▶ WORK TASK
The data below contains pictures, which are to be skipped; the lines starting at the line with "The numbers of" and ending at the line with "藍(lán)綠色作為空間的主" are to be output exactly, both ends included.

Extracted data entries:
——————————
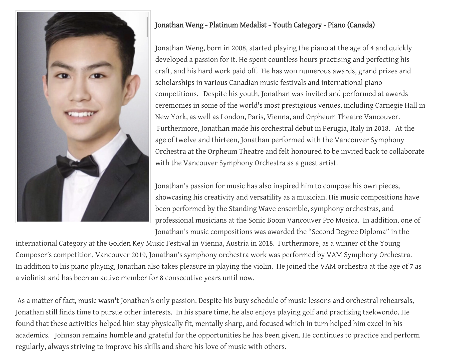 Congratulations to all winners and participants for their outstanding performances and hard work. We hope that this competition serves to inspire our young musicians to continue to strive for excellence and to share their musical voices. We also hope that this online winners' gala concert serves as a motivator and inspiration while nurturing a sense of mutual appreciation amongst finalists.
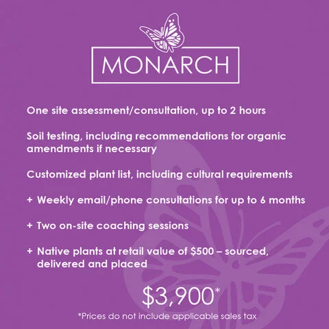 The numbers of birds, butterflies, moths and bees have greatly declined in recent years, yet they are essential for the production of most of the fruits and vegetables we eat every day. Columbine offers expert advice on how to plan your outdoor space with a focus on native and pollinator-friendly plants by helping you identify, enhance and create habitat using organic methods. Learn how to implement best practices that will encourage the natural world around you to flourish. We invite you to explore our tiered pricing programs that begin at $1,100.
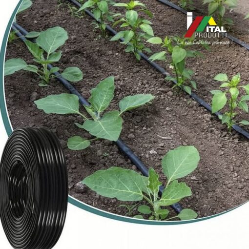 Tubul de irigare prin picurare este confectionat din polietilena de inalta calitate, cu diametrul de 16 mm si grosime de 1 mm.
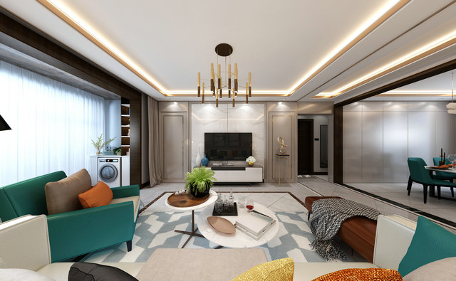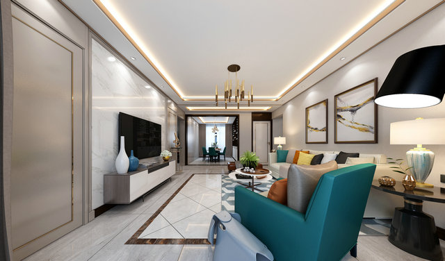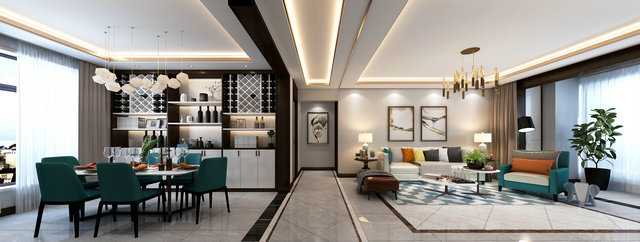 藍(lán)綠色作為空間的主題色,在空間中得到充分體現(xiàn)。600*1200灰色石材紋理地磚覆蓋整體空間,紋理本身成為裝飾的一部分。質(zhì)感輕奢的皮質(zhì)沙發(fā)是客廳的視覺中心,輕松閑適的氛圍也給人以生機(jī)勃勃的力量。
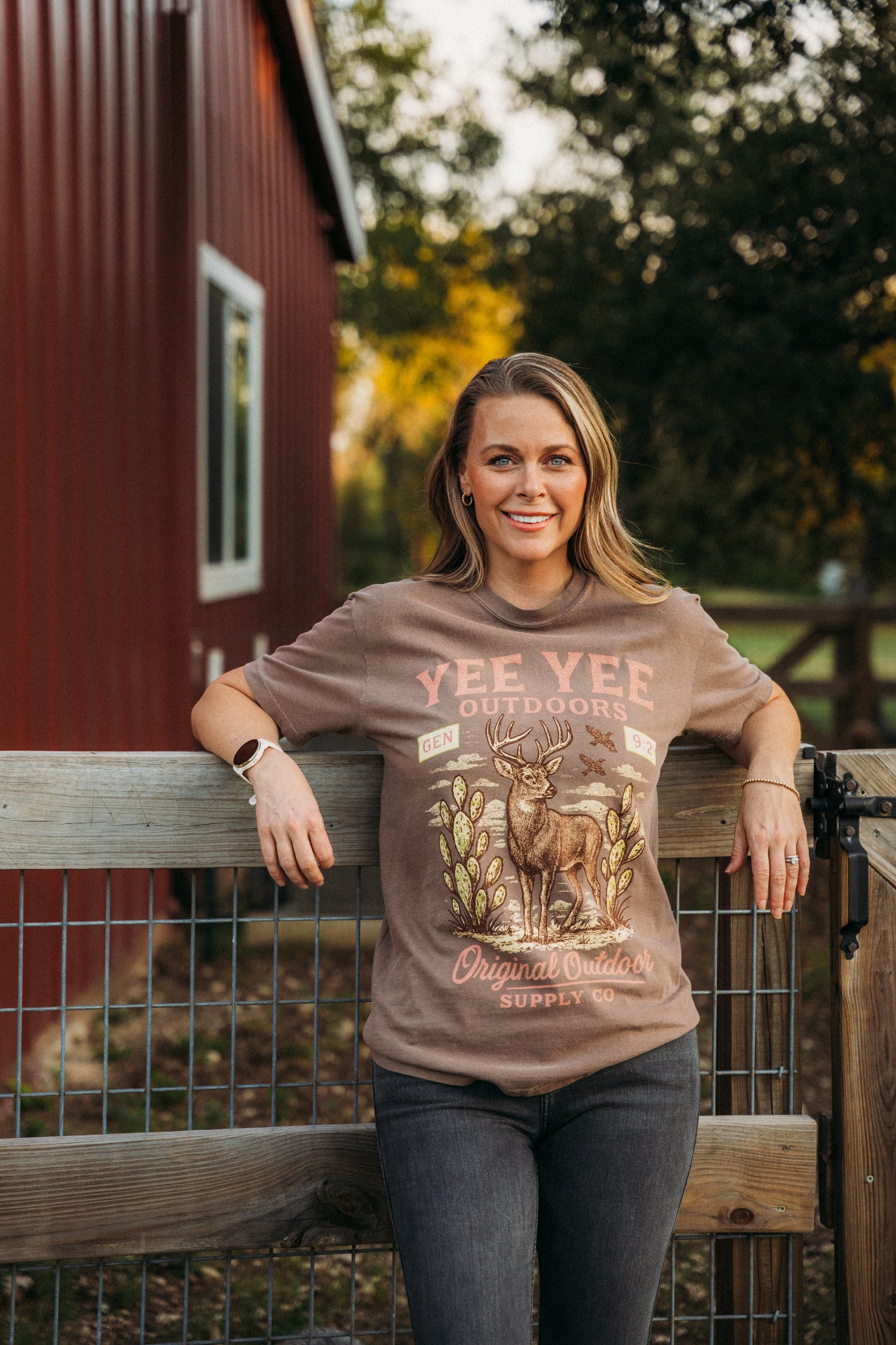 Brianna R. (Sarasota, FL, US) Absolutely love this shirt and everything it stands for! Bought it just in time for deer season. Fits true to size for me — I’m 5’5 115lbs wearing size S. I have it tucked in my jeans in the photo, but you can see it’s not a tight shirt which I like. Very happy it’s made with cotton 🤩.
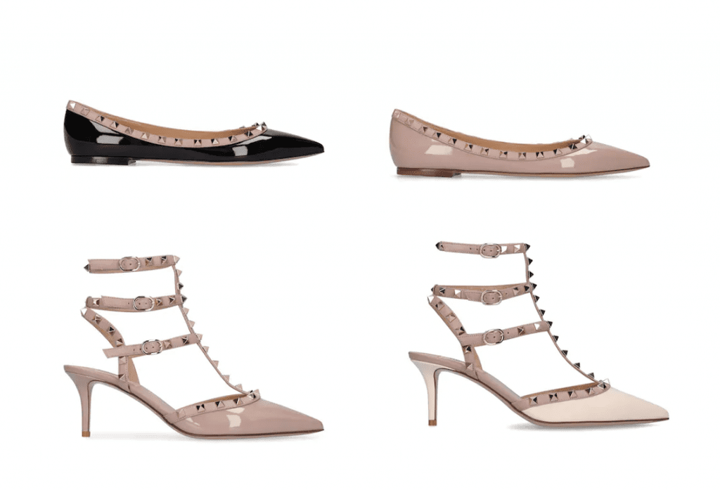 VALENTINO GARAVANI 10MM ROCKSTUD PATENT LEATHER FLATS 裸粉色平底鉚釘鞋7折
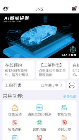 JNS提供有智能检测、智能保养、智能诊断等多种功能可便捷用户维保办公使用,用户可对工单详情信息进行查看来了解汽车的检测方案以及基本信息等详情内容,软件中会将汽车修理厂的员工业绩进行统计。有需要的朋友们不能错过,快来下载吧。
——————————
▶ WRITTEN SOLUTION
 The numbers of birds, butterflies, moths and bees have greatly declined in recent years, yet they are essential for the production of most of the fruits and vegetables we eat every day. Columbine offers expert advice on how to plan your outdoor space with a focus on native and pollinator-friendly plants by helping you identify, enhance and create habitat using organic methods. Learn how to implement best practices that will encourage the natural world around you to flourish. We invite you to explore our tiered pricing programs that begin at $1,100.
 Tubul de irigare prin picurare este confectionat din polietilena de inalta calitate, cu diametrul de 16 mm si grosime de 1 mm.
 藍(lán)綠色作為空間的主題色,在空間中得到充分體現(xiàn)。600*1200灰色石材紋理地磚覆蓋整體空間,紋理本身成為裝飾的一部分。質(zhì)感輕奢的皮質(zhì)沙發(fā)是客廳的視覺中心,輕松閑適的氛圍也給人以生機(jī)勃勃的力量。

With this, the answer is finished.